──────── Supplied entries

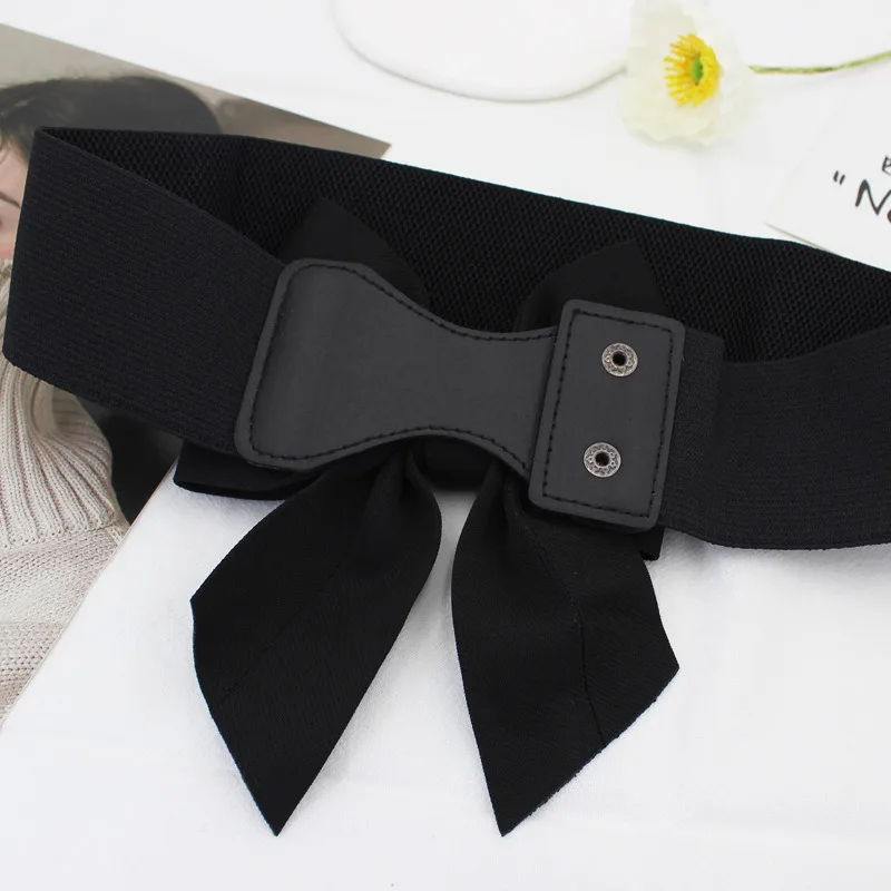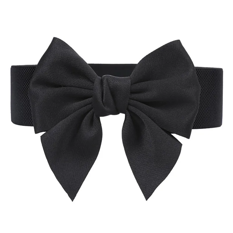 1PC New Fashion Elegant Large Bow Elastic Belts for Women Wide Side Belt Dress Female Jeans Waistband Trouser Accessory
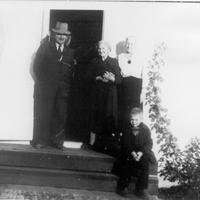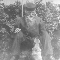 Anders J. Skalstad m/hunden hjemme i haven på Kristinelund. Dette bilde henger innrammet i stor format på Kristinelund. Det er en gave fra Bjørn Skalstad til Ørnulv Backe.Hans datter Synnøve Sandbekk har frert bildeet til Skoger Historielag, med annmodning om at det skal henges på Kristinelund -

────────────────
──────── Supplied entries

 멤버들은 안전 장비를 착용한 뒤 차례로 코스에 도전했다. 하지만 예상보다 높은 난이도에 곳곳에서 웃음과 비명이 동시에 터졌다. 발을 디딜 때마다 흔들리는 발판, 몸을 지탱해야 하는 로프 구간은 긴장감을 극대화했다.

────────────────
──────── Supplied entries

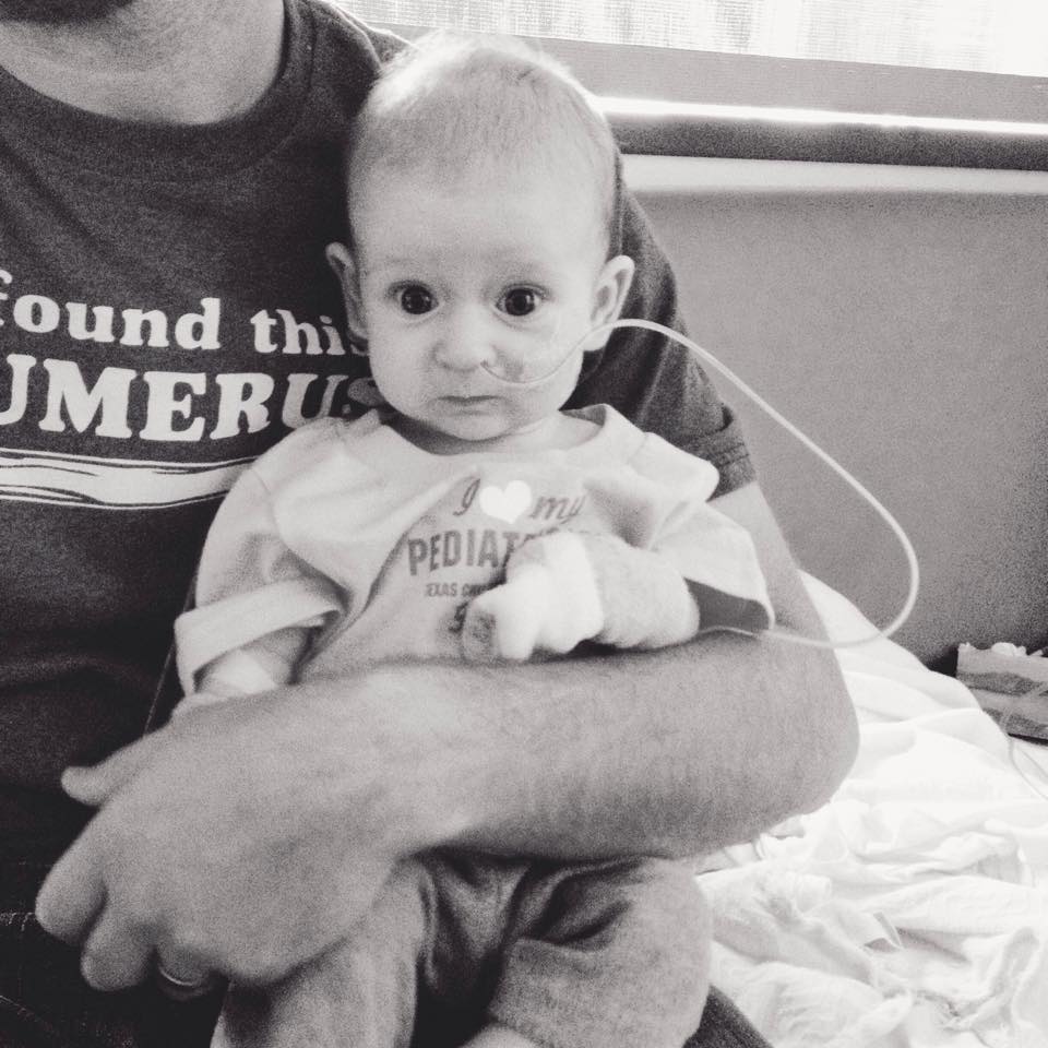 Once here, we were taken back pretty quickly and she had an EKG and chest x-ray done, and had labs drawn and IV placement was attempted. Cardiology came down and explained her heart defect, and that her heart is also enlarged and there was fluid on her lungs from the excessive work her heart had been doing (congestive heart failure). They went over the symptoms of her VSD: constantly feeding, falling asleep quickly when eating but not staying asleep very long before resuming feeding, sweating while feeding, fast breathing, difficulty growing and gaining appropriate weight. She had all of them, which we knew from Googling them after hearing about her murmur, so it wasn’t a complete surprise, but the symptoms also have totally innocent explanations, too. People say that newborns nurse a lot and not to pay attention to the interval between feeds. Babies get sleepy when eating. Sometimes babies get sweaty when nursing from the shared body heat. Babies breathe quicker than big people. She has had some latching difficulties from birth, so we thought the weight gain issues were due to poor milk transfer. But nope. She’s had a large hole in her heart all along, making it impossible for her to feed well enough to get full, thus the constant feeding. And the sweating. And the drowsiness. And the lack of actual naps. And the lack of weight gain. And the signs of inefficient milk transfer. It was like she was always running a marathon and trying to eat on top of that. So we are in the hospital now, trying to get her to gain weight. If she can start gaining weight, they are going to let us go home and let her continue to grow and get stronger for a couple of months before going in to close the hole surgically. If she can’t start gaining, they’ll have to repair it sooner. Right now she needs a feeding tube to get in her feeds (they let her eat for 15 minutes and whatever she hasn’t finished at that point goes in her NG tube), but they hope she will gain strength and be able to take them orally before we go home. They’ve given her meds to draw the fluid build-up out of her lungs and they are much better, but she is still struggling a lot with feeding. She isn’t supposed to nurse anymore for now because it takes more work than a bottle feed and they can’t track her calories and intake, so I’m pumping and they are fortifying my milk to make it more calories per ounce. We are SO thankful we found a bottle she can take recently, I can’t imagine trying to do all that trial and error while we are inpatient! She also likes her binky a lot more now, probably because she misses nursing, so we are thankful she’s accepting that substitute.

────────────────

Your instructions: Would you please repeat only the lines above, beginning at the one that has "1PC New Fashion" and stopping after the one that has "Anders J. Skalstad", exactly and with no pictures?

Response box:
 1PC New Fashion Elegant Large Bow Elastic Belts for Women Wide Side Belt Dress Female Jeans Waistband Trouser Accessory
 Anders J. Skalstad m/hunden hjemme i haven på Kristinelund. Dette bilde henger innrammet i stor format på Kristinelund. Det er en gave fra Bjørn Skalstad til Ørnulv Backe.Hans datter Synnøve Sandbekk har frert bildeet til Skoger Historielag, med annmodning om at det skal henges på Kristinelund -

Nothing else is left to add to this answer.